The required output is the exact text of the lines from the line containing "Kết phiên, giá" through the final line below, inclusive, without pictures.

### Dataset section
┄┄┄┄┄┄

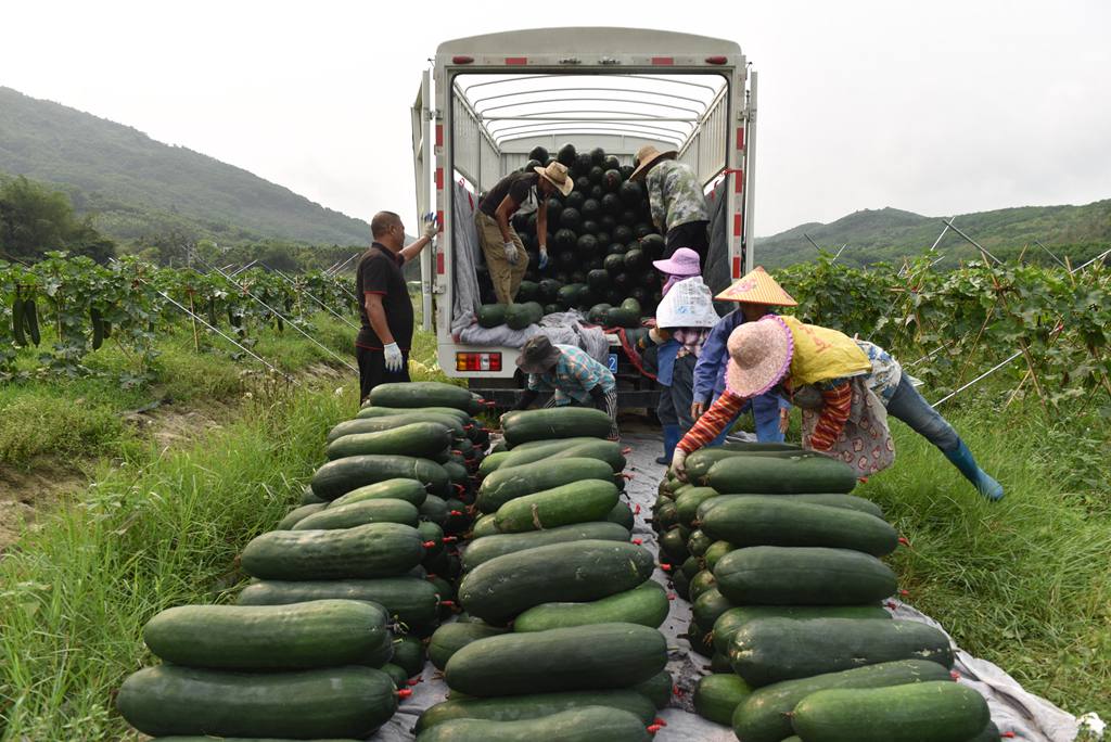 Photo shows workers loading wax gourds on a truck at a vegetable production base in Shantang village, Tunchang county, south China's Hainan Province. (Photo/Lin Xiaodan)
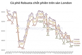 Kết phiên, giá cà phê Robusta trên sàn London giảm 2,32% so với tham chiếu, còn 5.010 USD/tấn cho kỳ hạn giao tháng 7/2025; kỳ hạn giao tháng 9/2025 cũng giảm 2,04%, đạt 4.987 USD/tấn. Cà phê giao kỳ hạn tháng 11/2025 giảm 1,98%, xuống mức 4.942 USD/tấn; tháng 1/2026 giảm 1,98%, đạt 4.859 USD/tấn.
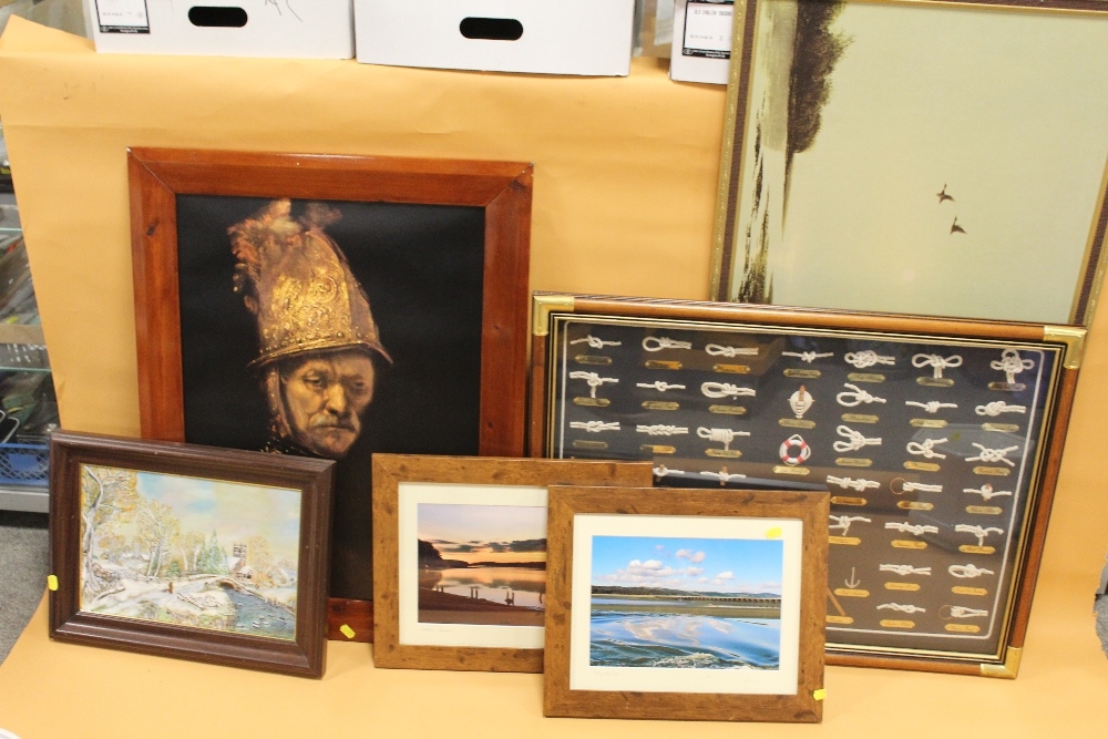 A COLLECTION OF PICTURES AND PRINTS TO INCLUDE SIGNED PRINTS, OIL ON BOARD ETC, TOGETHER WITH A FRAMED AND GLAZED KNOT DISPLAY (6)

┄┄┄┄┄┄

### Response for this exercise
 Kết phiên, giá cà phê Robusta trên sàn London giảm 2,32% so với tham chiếu, còn 5.010 USD/tấn cho kỳ hạn giao tháng 7/2025; kỳ hạn giao tháng 9/2025 cũng giảm 2,04%, đạt 4.987 USD/tấn. Cà phê giao kỳ hạn tháng 11/2025 giảm 1,98%, xuống mức 4.942 USD/tấn; tháng 1/2026 giảm 1,98%, đạt 4.859 USD/tấn.
 A COLLECTION OF PICTURES AND PRINTS TO INCLUDE SIGNED PRINTS, OIL ON BOARD ETC, TOGETHER WITH A FRAMED AND GLAZED KNOT DISPLAY (6)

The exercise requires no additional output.